Галерея «Арт-Пространство» опустела. Последние ценители прекрасного покинули залы больше часа назад. Охранник Семёныч уже переобулся в домашние тапочки и тоскливо поглядывал на входную дверь. Только мы с Долматовым остались в этом храме искусства, превратившемся в арену для его изощрённых ухаживаний. Картины на стенах казались молчаливыми свидетелями, а полумрак создавал интимность, которой я отчаянно хотела избежать.

— К сожалению, не смогу, — Моя улыбка могла бы заморозить Москву-реку даже в самый жаркий июльский день. — У меня планы.

Планы были до смешного простые: десять остановок метро, два автобуса до родного Марьина, где мама уже второй час колдует над борщом, а Лиза корпит над учебниками, мечтая о поступлении в МГУ. В эти планы точно не входили томные монологи моего работодателя и его утончённые намёки.

Долматов приблизился, и меня окутал шлейф его парфюма — Tom Ford Oud Wood, узнаваемый и властный, как его владелец. Он двигался с кошачьей грацией хищника, уверенного в своём превосходстве. От его близости по спине пробежал противный, предательский холодок, а ладони стали влажными. Тело, глупое и предательское, реагировало на его животную уверенность, в то время как разум кричал «беги».

— Агата, милая… — Он понизил голос до бархатного шёпота, каждое слово выверено, как мазок кистью мастера. — Знаете, наблюдая за вами сегодня... Вы объясняли посетителям символизм Врубеля с такой страстью. — Его глаза потемнели. — Страсть — редкое качество в наше время. Особенно когда она сочетается с... красотой. — Пауза. — Я думал, мы могли бы обсудить ваше повышение. Заведующая отделом современного искусства. Представьте: собственный кабинет, неограниченный бюджет на выставки, возможность работать с лучшими художниками страны...

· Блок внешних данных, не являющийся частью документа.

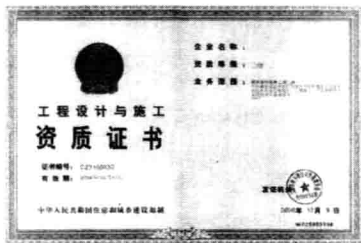
图 1-3 资质证书

资质是建设行政主管部门对施工队伍能力的一种认定，主要是从注册资本、技术人员结构、工程业绩、施工能力、社会贡献等方面对施工队伍进行审核，分别核定为一至四级。取得资质的企业在技术方面有保证，从事家庭装修一般不会有问题。但是，由于家庭装修市场的混乱，拥有资质等级特别是拥有高资质等级的单位不愿承接一般的家庭装修；而营业执照、营业范围内有装饰装修项目的企业，大部分又没有到建设行政主管部门办理资质。这种状况给业主判别家庭装修施工队伍的好坏带来了很多困难。
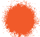
NARANJA BRILLANTE A0354
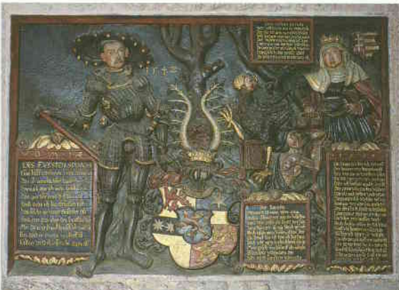
Der „Philippstein“ in der Hainaer Klosterkirche von Philipp Soldan aus Frankenberg, 1542, zur Erinnerung an die Hospitalkirche

Ausstellung im Klinikum Weilmünster, Sozialzentrum (Haus 105), Weilstr.10, D-35789 Weilmünster, Öffnungszeiten: Montag – Freitag 9.00 – 16.00 Uhr. Tel. 0049 (0)6472/60-255
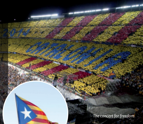
The concert for freedom

Die Grundwerte des FC Barcelona, also die Verteidigung der katalanischen Kultur und der Demokratie, sowie seine Bürgernähe teilt auch die ANC. Diese basisdemokratische Bürgerbewegung setzt sich friedlich, u.a. gemeinsam mit dem FC Barcelona, für die Unabhängigkeit Kataloniens ein.
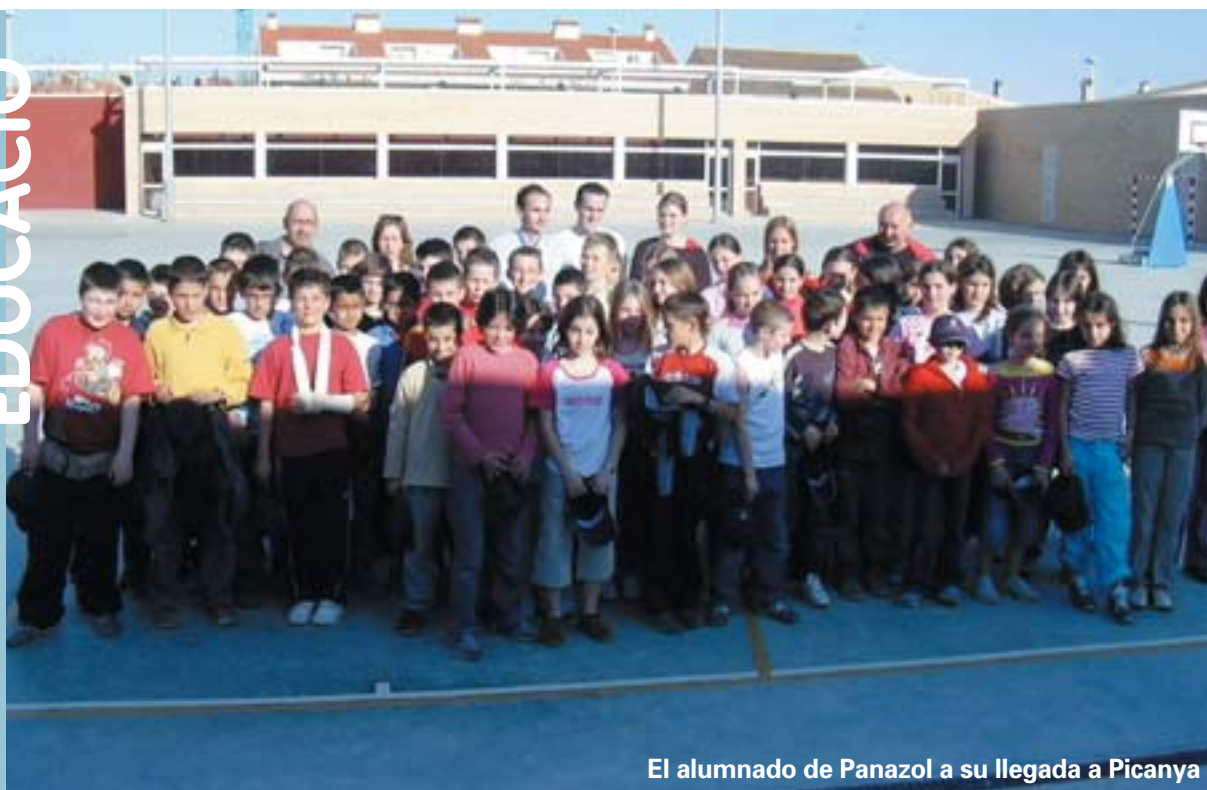
El alumnado de Panazol a su llegada a Picanya
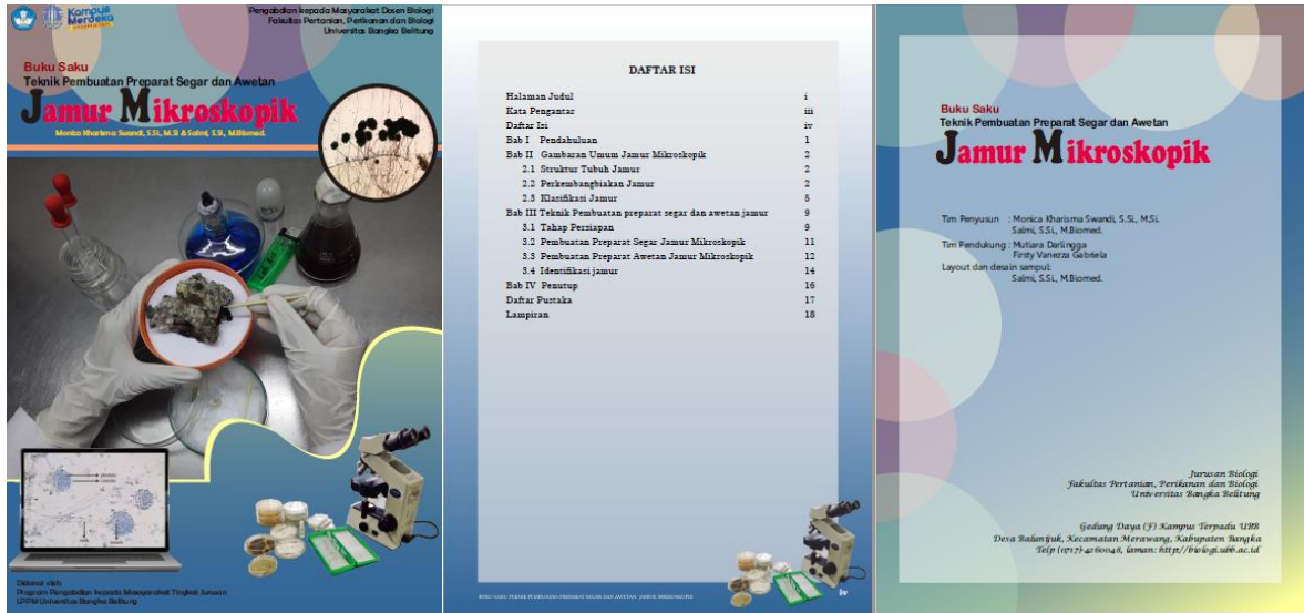
Gambar 3. Layout buku saku

Он говорил, а я видела, как в его глазах плясали золотые искорки — не от восхищения искусством, а от предвкушения охоты. Виктор Долматов привык покупать всё: картины, людей, чувства.

Заведующая отделом — это же моя мечта! Это шанс вырваться из этой нищеты и дать семье достойную жизнь. Но какой ценой? Я мягко отступила к двери, словно танцуя медленный вальс, сохраняя на лице маску вежливости и профессионализма:

— Виктор Маратович, я безмерно ценю ваше доверие, но сегодня действительно не лучший день для серьёзных разговоров. — проговорила я, стараясь, чтобы в голосе не прозвучало ни капли иронии. — Знаете, у меня просто ужасная мигрень после вчерашнего вернисажа. Боюсь, не смогу сосредоточиться на таких важных вопросах. Может быть, завтра утром? Я буду чувствовать себя лучше, и мы сможем спокойно всё обсудить за чашкой кофе, – закончила я с самой искренней улыбкой, на какую была способна.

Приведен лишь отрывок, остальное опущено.